# Client Sent the crew away



## AnotherRoofingco (Feb 4, 2015)

Ok , We had a roof on a home in 2013, Owner is a single gal, phycologist,very smooth job. The only concern was color. She took another claim and we replaced the roof AGAIN in 2014 . This time we split the cost of 50 year shingles to help her. She turned my shingle crew away after the tear off and dry in . She needed her two days off to be quiet. Well it rained and rained and rained. she had minimal damage to an unfinished garage. And we paid to have the whole garage taped and textured for her. Now she claims there are "other issues" with the roof. It is a low pitch 3.5/12 w two layers of paper... Titanuim.... Anyone ever run into this issue? How to reslove? BTW She was 7 weeks delinquent on payment after the garage was fixed.


----------



## natemarshall303 (Jan 5, 2015)

I wouldn't have done the job. Some jobs are worth turning down!


----------



## roofermann (Jul 7, 2012)

Lien time.


----------



## JBL (Dec 14, 2014)

Color!! . I always take real shingles or tiles as samples, no books or hd photos . I told once you choose color and I order the material in shingles I can change color before installing but you have to pay restocking fee and delivery but tile it's no way we can do that. Real samples is better.


----------



## roof-lover (Nov 2, 2008)

I believe the problem is your synthetic underlayment.
The underlayment should be sticky and fiberous like asphalt saturated 15# felt.


----------



## Everett (May 10, 2014)

Listen to roofermann! By turning your crew away to complete the job for two days the gal as you call her, (I would use a different word) created the problem. She knew her house was going to be roofed and should have anticipated the noise and where to sleep. The roof probably should not have leaked after being dried in put hey like you said it rained and rained. I personally would not have paid a dime to fix anything and would have let the insurance companies fight it out. Take her to court and let her pay attorney fees. If you like EMail me @ [email protected] and I will gladly give you what we have in our contracts to protect you.


----------



## spicher40 (Sep 5, 2014)

I always make sure that with new clients I have the materials covered up front so worst case scenario I just lose my labor.
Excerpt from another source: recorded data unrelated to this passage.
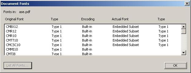 Recently many publishers have strict requirements about the fonts used in camera-ready paper submissions. Specifically, they require authors to substitute Adobe Postscript Type 1 fonts for any bitmap fonts (e.g., Postscript Type 3 bitmapped fonts, PCL fonts, MacOS bitmap fonts, Windows vector (outline) fonts). Being the Proceedings Chair of ACM PODS 2005, I set up the instructions for camera-ready submissions. In the process of editing the proceedings, I saw many common problems for authors to meet such a requirement. I wrote this page so that it may benefit other authors with similar problems. As always, comments are very welcome.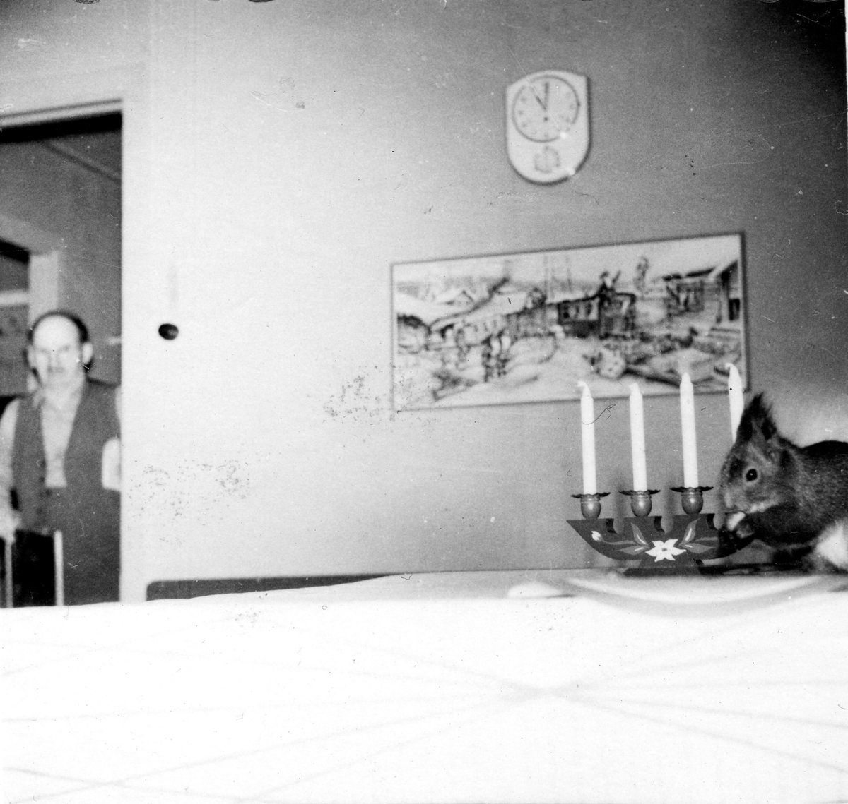 Oskar och en ekorre.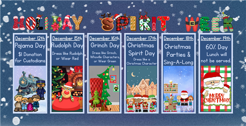 Wednesday, December 17 - Christmas Spirit Day (Dress as a Holiday Character)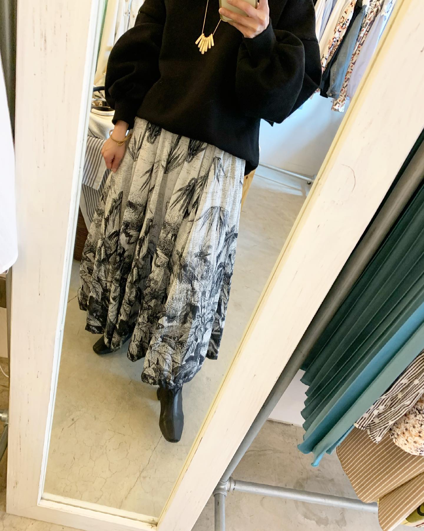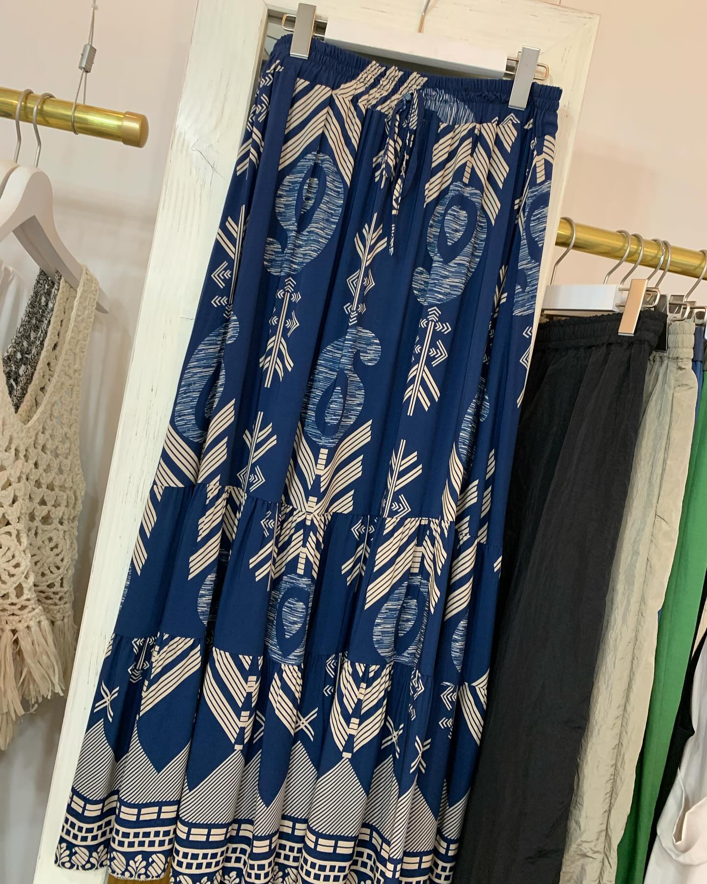 たっぷり生地を使ったリゾートなプリントのスカートです。 これ着てバカンス⛴に行きたい!! #futuro#ootd#outfit #セレクトショップ#インポートセレクトショップ#italy#経堂#世田谷区#コーデ#スカート

Court is a pain in the buttocks and not how I want to spend my time.


----------



## hotrodo351 (Mar 18, 2012)

sounds like she was looking for a excuse to not pay. as for a lien, to my understanding you have to file a 20 day preliminary notice in order to file a lien. as for not getting paid, well ive always been one, if not the only, roofers doing the work and when some one says that dont want to pay, well has only been brought up a few times and they paid.


----------



## Rainguard (Feb 12, 2014)

20 day preliminary notice should always be filed. Times ain't what they used to be and you never know when you will get a freaky gal!!


----------